Integrating multi-source data presents multiple challenges. Data from different countries and regions vary in format standards, statistical definitions, and temporal coverage, necessitating rigorous standardization procedures. The dataset in this study covers core Chinese carbon market trading data and related macroeconomic indicators from January 2018 to June 2024, encompassing 2072 valid trading days at daily resolution. Data from 2018 to 2022, comprising 1450 samples, served as the training set. Data from 2023, with 311 samples, were used as the validation set, and data from January to June 2024, also 311 samples, formed the test set. This division comprehensively covers critical stages of carbon market development. Additionally, carbon prices are influenced by a complex interplay of factors, including policy changes, extreme weather events, energy price fluctuations, and macroeconomic conditions. These factors introduce significant uncertainty and volatility, increasing the demands on model robustness and adaptability. They also provide realistic stress-testing conditions to evaluate model performance under dynamic and unpredictable scenarios.

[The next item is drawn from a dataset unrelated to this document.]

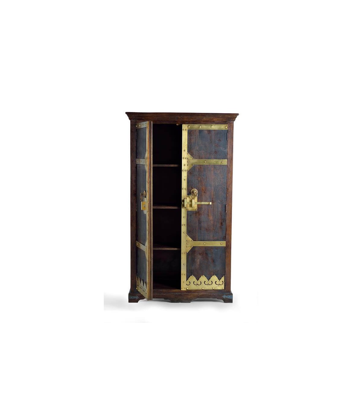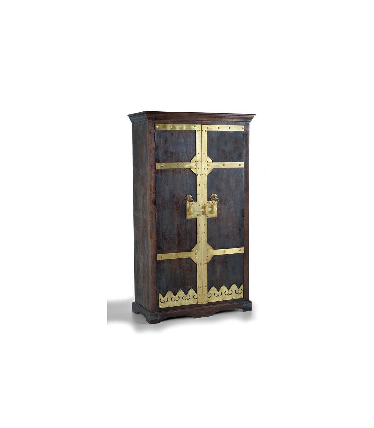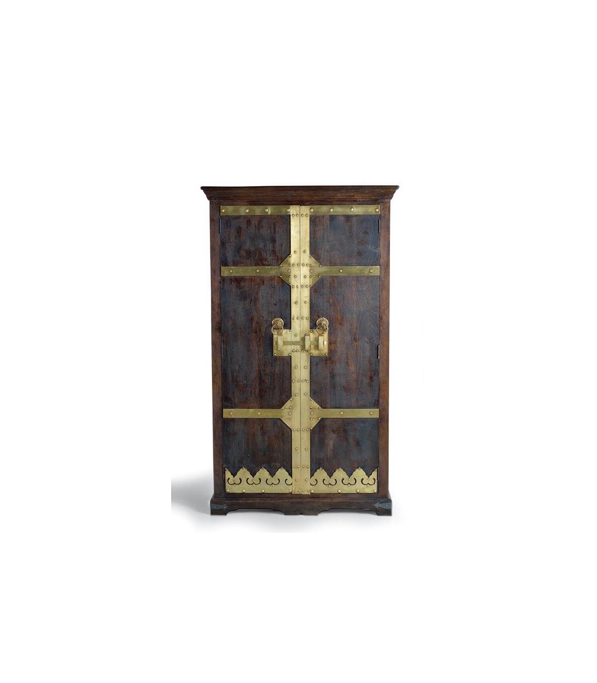Armario alacena con 2 puertas de estilo étnico, realizado en madera de mango teñida en color nogal con aplicaciones en bronce, un mueble de gran capacidad de calidad realizado a mano, adaptable a cualquier tipo de decoración.

To address these challenges, this study applied multiple forecasting models to a unified dataset and conducted comparative analyses incorporating macroeconomic indicators such as GDP growth rate, interest rates, and inflation rates. This approach enables an objective assessment of each model’s strengths and limitations, ultimately highlighting the superiority of the proposed LSTM-CNN model in prediction accuracy and adaptability. In terms of model input design, a multidimensional time series feature vector was constructed, integrating historical prices, trading volumes, and macroeconomic variables. Each data sample has a three-dimensional structure. The batch size is set to 32, meaning that 32 samples are processed in each training iteration. The time steps are set to 60, which means the model uses data from the past 60 trading days to predict the price for the next day. The feature dimension includes 12 categories, covering 8 carbon market trading indicators and 4 macroeconomic indicators. The model output is a one-dimensional array corresponding to the predicted future carbon price for each input sample. Special attention was paid to the quantitative processing of macroeconomic indicators due to their critical role in capturing external market influences. GDP growth rate reflects cyclical economic trends through quarterly changes in economic output. Interest rates combine central bank policy rates and actual market borrowing costs, showing how funding costs affect investment behavior. Inflation is measured by both the Consumer Price Index and Producer Price Index, revealing overall price movement trends. Money supply includes cash, demand deposits, and various liquidity tiers. The Consumer Confidence Index, compiled from large-scale surveys, reflects market sentiment and expectations. The precise quantification and thoughtful integration of these macroeconomic indicators enable the model to capture how macroeconomic conditions influence carbon market pricing. This, in turn, significantly enhances prediction accuracy and reliability.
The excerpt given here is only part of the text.